Das Bild in dieser Aufführung gehört allen, das Geräusch wiederum wie auch das Wort gehört nur der, in deren Gedankenwelt wir als Publikum uns bewegen. Aber auch die Bilder, die wir als Publikum sehen, sind nicht die Bilder unserer Einbildungskraft, das Denken, in das uns die Performance einlässt liefert uns lose die Bilder eines Denkens, das selbst dadurch lose wirkt. Der Andere wird so zum Objekt einer solipsistischen Veranstaltung, die letztlich das Eigene im Anderen nur verdoppelt. Der Performance über Liebe und Religion gelingt so eine Art Gleichnis über abendländisches Denken überhaupt, über dessen Unfähigkeit sich dem Anderen zu öffnen, ihn zuzulassen, aber auch, eine Darstellung seiner Bodenlosigkeit, vor der es auch nicht sein Reproduktionswahn rettet. Das Dargestellte ist nicht wirklicher als sein Bild, umgekehrt vervielfältigt die Vervielfältigung seiner Bilder die möglichen Wirklichkeiten.
Vom Toben im Schnee kennt man es: die Auf- und Abbewegungen der Arme, die Flügel im gefrorenen Nass hinterlassen. Hier nun auf trockenen Boden ist es die Imagination, die uns das Bild der Engelsflügel vorspielen, Flügel der Frau, deren Unschuld in ihrem Begehren im Verlauf der Performance sich erweisen soll. Stöhnend vollzieht sie die Bewegungen als hieße es einen Kraftakt hineinzulegen um diese Unschuld tatsächlich zu gewinnen oder zu erhalten.
In der Erinnerung die Bewegung zum Bild geronnen, die Spur der Bewegung zur Bewegung selbst imaginiert.

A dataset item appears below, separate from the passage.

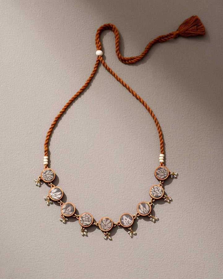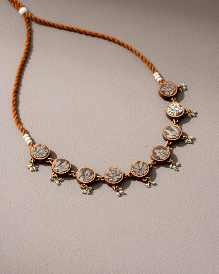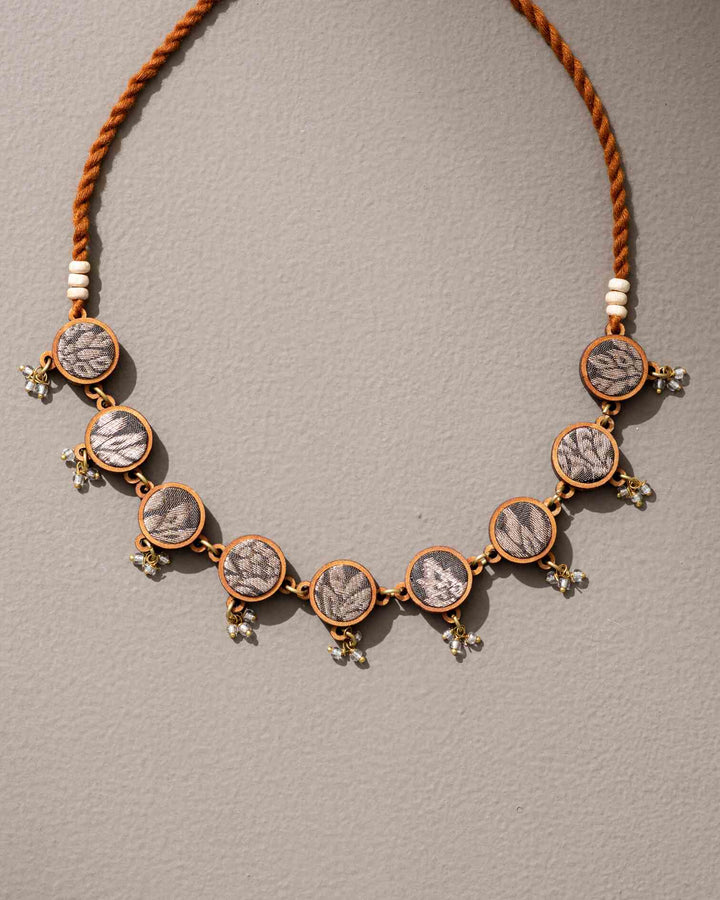 WHE Brocade Festive Upcycled Fabric and Wood Adjustable Choker Necklace

Etwas streift über den Boden, wird über ihn gestreift. Rhythmisch und immer mehr sich in ein lustvolles Rasen steigernd, dabei Lachen, nicht über etwas, das sie belustigte, eher als ob sie etwas kitzelte, als ob sie jemand kitzelte, sie kitzelte und nicht damit aufhörte, nicht dabei nachließ.

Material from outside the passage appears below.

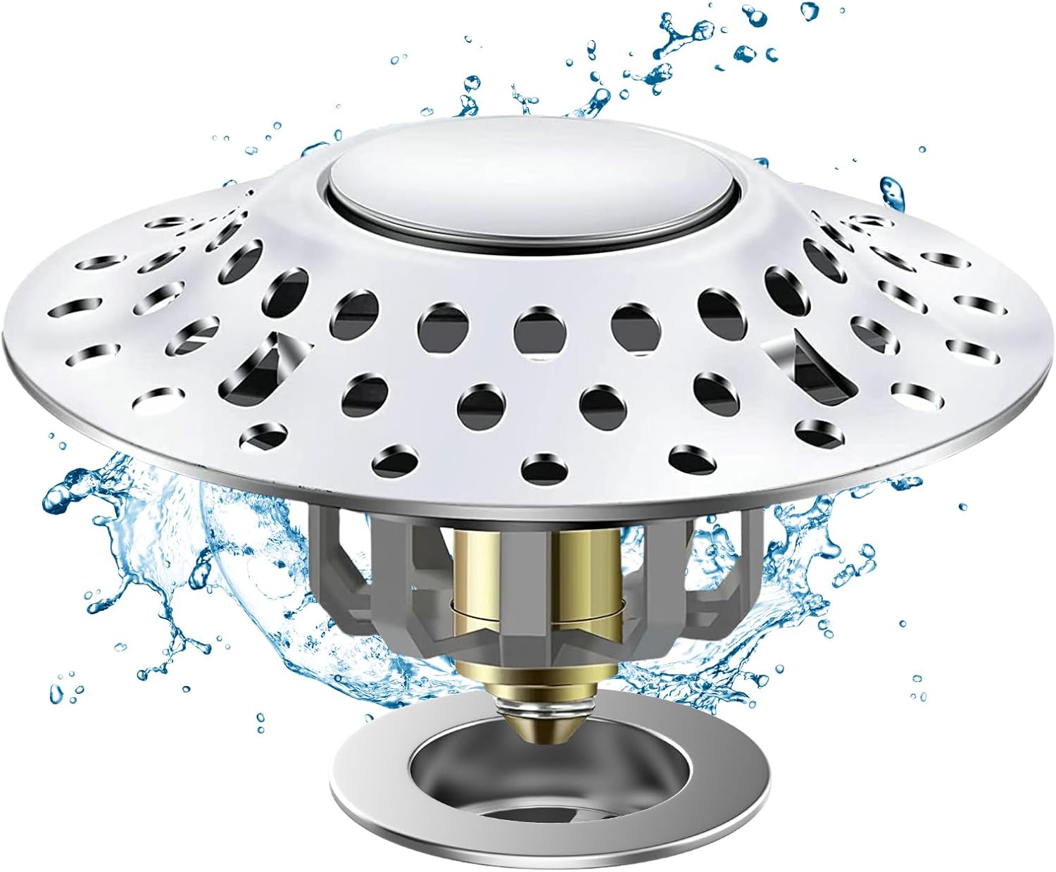 - 【Upgraded 2 in 1 Tub Stopper】Our new version tub stopper bathtub drain can work as both drain stopper and drain hair catcher. Simply press down the button to stop the water, press again to drain the water and catch hair. It is more convenient and effective to use than traditional drain plugs

Immer wieder dieselbe Abfolge: Betrachten der Kleider, sie anprobieren, sich in ihnen betrachten, dann wieder verfallen geradezu in übermäßig hektische sportliche Aktionen mit Sprüngen die beiden Stufen zum Bett hinauf um in einen Dialog zwischen dem Engel und dem Priester zu verfallen, beide Figuren wie Handpuppen der Getriebenen behandelt, die vor einem Spiegel tanzt und sich immer wieder mit dem mit einem Bild der Jungfrau bedrucktem Kleid vor sich selbst spiegelt, bevor sie wieder den kleinen Engel und die Priesterfigur aufnimmt, oder den Telefonhörer.
Nichts wird dargestellt um es in welchem Kontext auch immer aufzuzeigen, eher erinnert das Spiel und das ganz wörtlich an das Panoptikum, das Hermann Kasack zu Beginn seiner Stadt hinter dem Strom erstehen lässt um Bewegungen aufzuzeigen, die die Toten wiederholen müssten, um sich in deren Sinnlosigkeit besser von ihnen trennen zu können, um gereinigt von ihnen in ein Jenseits eintreten zu können.
Nicht die Religion ist der Tod der Liebe, es ist das einzig Um-sich-selbst-Kreisen einer postmodernen Egomanie, die sich vor allem anderen verschließt, noch vor dem verschließt, was es vermeintlich liebt und diesen Ausschluss noch nicht einmal bemerkt.